Edmonton

Drive-thru voting coming to Strathcona County for municipal election

Strathcona County plans to allow drive-thru voting for the first time in advance of the next municipal election.

Option will only be available for advance voting

Sheila Johnstone with the City of Calgary displays one of the mobile privacy folders Calgarians used to vote in the 2017 municipal election. Strathcona County plans to use a similar system for its drive-thru voting station in the 2021 municipal election. (Monty Kruger/CBC)

Voting from a vehicle will be possible for the first time in Strathcona County this fall.

The county plans to offer drive-thru voting at the Broadview Enviroservice Station in Sherwood Park in advance of the October 18 municipal election.

Jacqueline Roblin, Strathcona County's manager of legislative services and contract management, said plans for the drive-thru voting station predated the pandemic but the health crisis has heightened the need for spreading out voters.

Alberta Health Services tested tens of thousands of people for COVID-19 at a drive-thru at the same location.

"We started thinking we could do the same, just at a different angle," Roblin said in an interview with CBC Edmonton's Radio Active on Monday.

Other Canadian municipalities, including the City of Calgary, have offered drive-thru voting in the past. The City of Edmonton has yet to offer the option.

In Saskatoon this fall, a new drive-thru voting station was so popular that at one point, voters in vehicles faced a three-hour wait, said Roblin, who consulted with other municipalities while planning Strathcona County's station.

There was a steady flow of vehicles at the drive-thru advanced voting station at City Hall in Regina, Sask. on Nov. 2. (Cory Coleman/CBC)

Anticipating high interest, the county plans to run its drive-thru voting station for six days, from 10 a.m. to 6 p.m. 

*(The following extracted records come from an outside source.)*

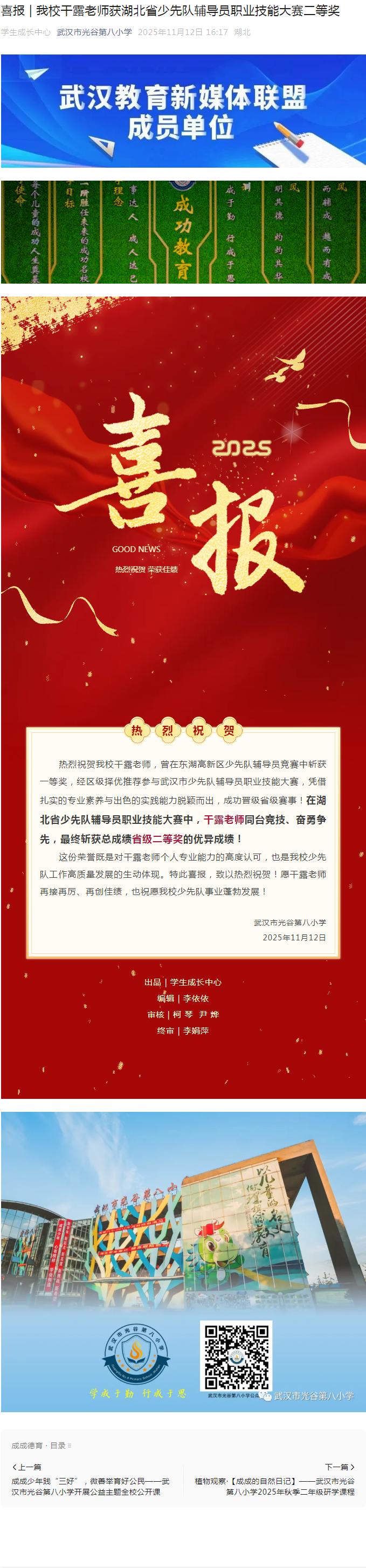 这份荣誉既是对干露老师个人专业能力的高度认可,也是我校少先队工作高质量发展的生动体现。特此喜报,致以热烈祝贺!愿干露老师再接再厉、再创佳绩,也祝愿我校少先队事业蓬勃发展!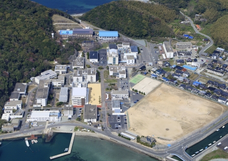 本州の最西端、山口県下関市にある水産大学校は、群青の響灘と緑豊かな森に囲まれています。美しい自然に囲まれたキャンパスを上空から眺めてみましょう。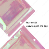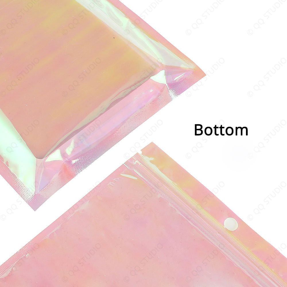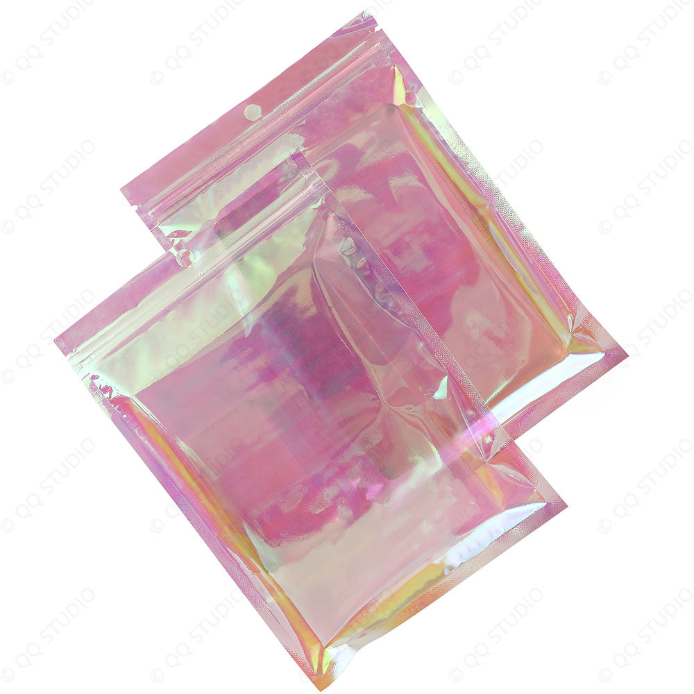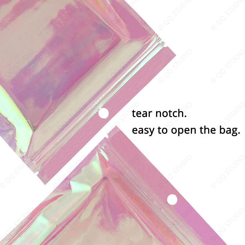 Introducing our double-face glossy holographic pink impressible zip lock bags with a convenient round hole(2238), designed to make your products stand come out while ensuring practicality. These bags are a perfect spinal fusion of style and functionality.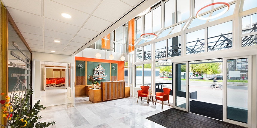 El nuevo y llamativo edificio de más de 7000 metros cuadrados presta servicios que expanden el impacto de la Iglesia en la ciudad y proporciona un punto de inicio para extender sus programas humanitarios desde su privilegiada ubicación, a pocos minutos del centro de la ciudad por metro, bicicleta o coche. Como tal, la instalación de 5 pisos es un deslumbrante monumento a la esperanza y la colaboración para más de 70 000 transeúntes que pasan diariamente por Wibautstraat.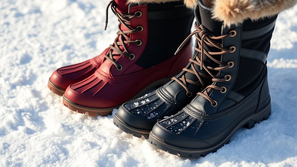 Choosing the right waterproof material is essential because it directly affects how well your snow boots keep your feet dry and comfortable. High-quality options like Gore-Tex, waterproof leather, or injection-molded rubber effectively block water while allowing moisture to escape, preventing sweaty feet. The waterproof layer should be seamlessly integrated or sealed at seams to prevent leaks during heavy snow or rain. Durable materials are often reinforced with treatments or coatings that enhance longevity and moisture resistance. Keep in mind, the waterproof material also impacts the boots’ weight and flexibility, influencing comfort and ease of movement. Properly tested waterproof footwear maintains its protective qualities even after exposure to wet conditions, ensuring your feet stay dry and warm throughout winter adventures.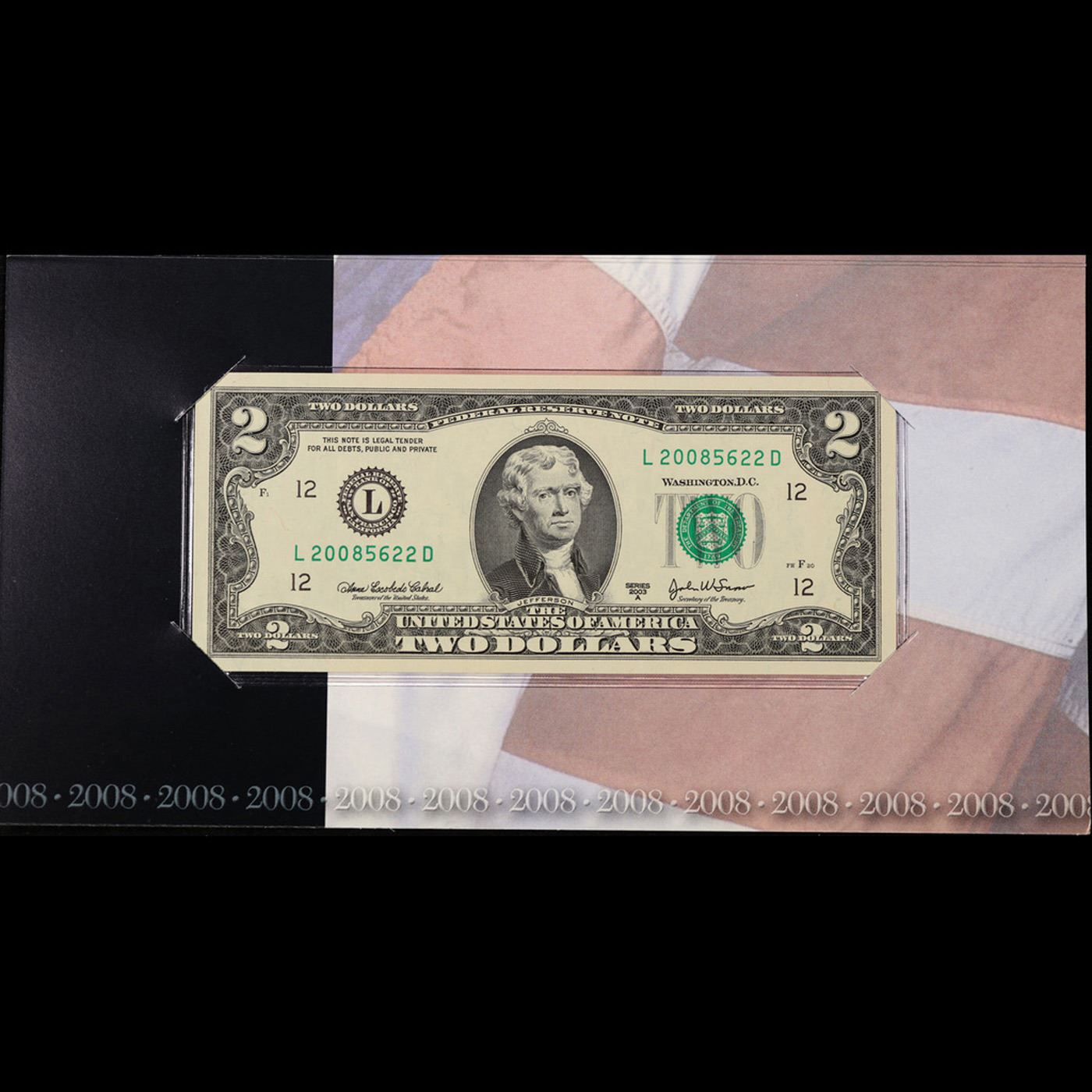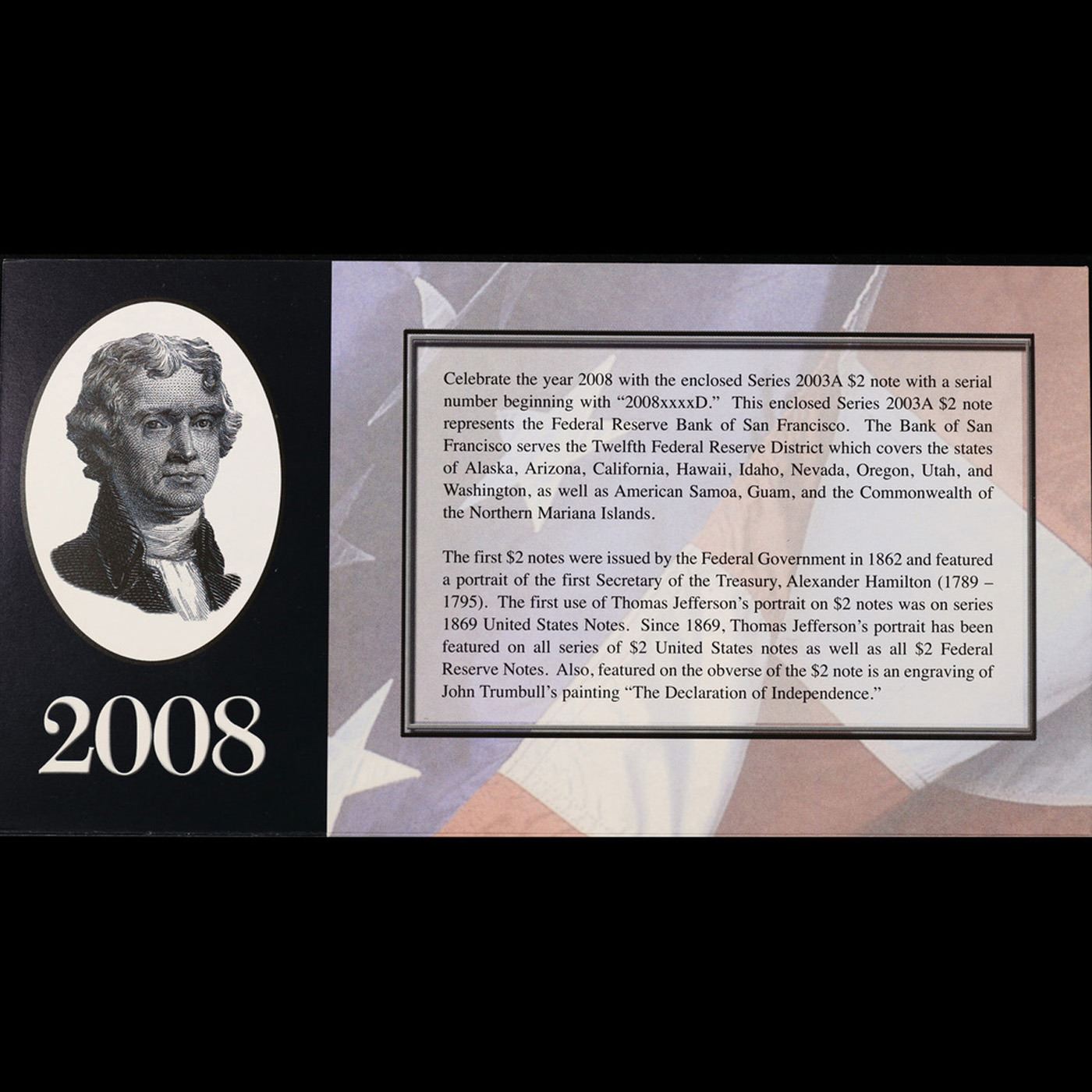 2003A $2 Federal Reserve Note, Uncirculated 2008 BEP Folio Issue (San Francisco, CA) Grades Gem CU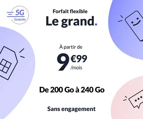 Youprice propose ce forfait illimité 60Go en 4G sur réseau SFRappels, sms, mms illimités* depuis la France, Europe dont Monaco et DOM60Go sur réseau 4G SFR, payant au-delà / option 5G +5€/mois12Go depuis Europe, Monaco et DOM5,99€/mois sans limite de duréesans engagementappels / SMS Wifi (VoWIFI) et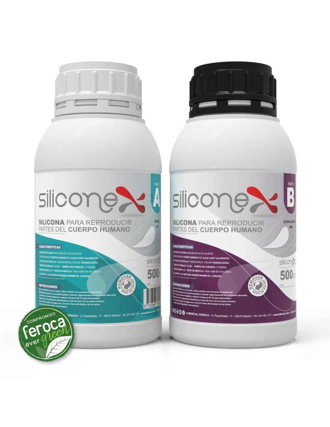 Silicone X es una silicona de platino (adición) de Shore A25 formulada específicamente para colar en moldes de alginato y obtener reproducciones flexibles y exactas de partes del cuerpo humano. Su ratio de mezcla 1:1 en peso y volumen simplifica el proceso, y una vez curada ofrece una goma resistente al desgarro, con contracción mínima y certificada como segura para el contacto con la piel.

Election day will not be one of those days. That's because during the advance poll period, anybody in the municipality may attend any advance voting station, but on October 18, voters must cast ballots in the area in which they reside. 

"It would be very difficult, if not impossible, for us to be running both our regular voting stations on election day and having all of the different ballot styles at the Envirostation," Roblin said.

A voter who uses the drive-thru option will place their ballot in a privacy folder before passing it off to a poll worker through their vehicle window.

Roblin said the drive-thru location could be more convenient for people with disabilities, parents with sleeping children in the car, and people who do not want to worry about parking near a polling station.

In 2017, voter turnout in Strathcona County was 39 per cent.